At prediction time we will load both the text tokenizer and the model we saved
to disk earlier.

library(keras)
model <- load_model_hdf5("model-question-pairs.hdf5", compile = FALSE)
tokenizer <- load_text_tokenizer("tokenizer-question-pairs")

Since we won’t continue training the model, we specified the compile = FALSE argument.

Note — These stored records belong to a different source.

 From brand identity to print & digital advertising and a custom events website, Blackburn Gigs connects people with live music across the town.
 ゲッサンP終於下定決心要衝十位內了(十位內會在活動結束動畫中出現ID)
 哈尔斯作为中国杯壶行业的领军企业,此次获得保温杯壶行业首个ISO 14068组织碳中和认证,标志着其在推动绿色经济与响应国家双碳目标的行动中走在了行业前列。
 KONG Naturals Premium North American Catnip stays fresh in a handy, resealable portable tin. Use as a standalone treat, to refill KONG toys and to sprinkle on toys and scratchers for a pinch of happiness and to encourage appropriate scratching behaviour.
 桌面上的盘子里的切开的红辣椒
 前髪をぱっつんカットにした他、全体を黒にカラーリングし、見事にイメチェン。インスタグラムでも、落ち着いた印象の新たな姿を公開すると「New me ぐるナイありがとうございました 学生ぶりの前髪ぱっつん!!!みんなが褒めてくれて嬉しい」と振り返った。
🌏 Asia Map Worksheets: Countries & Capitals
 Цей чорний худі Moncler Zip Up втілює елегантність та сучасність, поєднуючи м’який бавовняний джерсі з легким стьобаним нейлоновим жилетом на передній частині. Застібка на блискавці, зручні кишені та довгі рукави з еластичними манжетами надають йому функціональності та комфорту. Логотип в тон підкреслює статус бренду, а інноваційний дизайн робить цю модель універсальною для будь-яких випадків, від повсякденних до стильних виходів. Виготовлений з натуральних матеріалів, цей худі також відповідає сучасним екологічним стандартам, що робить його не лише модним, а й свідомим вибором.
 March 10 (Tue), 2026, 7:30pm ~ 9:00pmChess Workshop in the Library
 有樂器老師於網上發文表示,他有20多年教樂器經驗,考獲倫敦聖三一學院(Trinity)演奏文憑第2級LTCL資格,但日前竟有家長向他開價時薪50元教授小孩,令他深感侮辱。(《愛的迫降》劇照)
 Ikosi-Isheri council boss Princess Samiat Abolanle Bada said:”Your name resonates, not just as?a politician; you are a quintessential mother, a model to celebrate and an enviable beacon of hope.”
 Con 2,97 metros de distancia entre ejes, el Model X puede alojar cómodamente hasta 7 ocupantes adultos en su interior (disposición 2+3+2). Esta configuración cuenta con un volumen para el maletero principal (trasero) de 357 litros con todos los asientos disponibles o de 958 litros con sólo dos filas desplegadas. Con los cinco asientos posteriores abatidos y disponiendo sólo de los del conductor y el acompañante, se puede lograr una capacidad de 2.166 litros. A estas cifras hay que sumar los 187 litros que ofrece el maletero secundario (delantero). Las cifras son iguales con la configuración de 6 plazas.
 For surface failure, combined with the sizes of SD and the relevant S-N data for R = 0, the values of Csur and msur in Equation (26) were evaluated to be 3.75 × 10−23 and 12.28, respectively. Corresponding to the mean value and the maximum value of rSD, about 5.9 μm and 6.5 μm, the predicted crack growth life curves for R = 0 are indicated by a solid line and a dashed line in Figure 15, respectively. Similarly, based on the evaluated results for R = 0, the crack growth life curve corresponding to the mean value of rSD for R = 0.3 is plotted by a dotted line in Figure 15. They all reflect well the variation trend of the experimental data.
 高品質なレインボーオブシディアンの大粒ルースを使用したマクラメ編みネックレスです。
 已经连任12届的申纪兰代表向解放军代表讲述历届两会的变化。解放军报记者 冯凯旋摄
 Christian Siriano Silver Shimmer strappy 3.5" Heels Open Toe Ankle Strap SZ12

Now let`s define a function to create predictions. In this function we we preprocess the input data in the same way we preprocessed the training data:

predict_question_pairs <- function(model, tokenizer, q1, q2) {
  q1 <- texts_to_sequences(tokenizer, list(q1))
  q2 <- texts_to_sequences(tokenizer, list(q2))
  
  q1 <- pad_sequences(q1, 20)
  q2 <- pad_sequences(q2, 20)
  
  as.numeric(predict(model, list(q1, q2)))
}

We can now call it with new pairs of questions, for example:

predict_question_pairs(
  model,
  tokenizer,
  "What's R programming?",
  "What's R in programming?"
)
[1] 0.9784008

Prediction is quite fast (~40 milliseconds).

Deploying the model

To demonstrate deployment of the trained model, we created a simple Shiny application, where
you can paste 2 questions from Quora and find the probability of them being duplicated. Try changing the questions below or entering two entirely different questions.

The shiny application can be found at https://jjallaire.shinyapps.io/shiny-quora/ and it’s source code at https://github.com/dfalbel/shiny-quora-question-pairs.

Note that when deploying a Keras model you only need to load the previously saved model file and tokenizer (no training data or model training steps are required).

Wrapping up

  • We trained a Siamese LSTM that gives us reasonable accuracy (84%). Quora’s state of the art is 87%.
  • We can improve our model by using pre-trained word embeddings on larger datasets. For example, try using what’s described in this example. Quora uses their own complete corpus to train the word embeddings.
  • After training we deployed our model as a Shiny application which given two Quora questions calculates the probability of their being duplicates.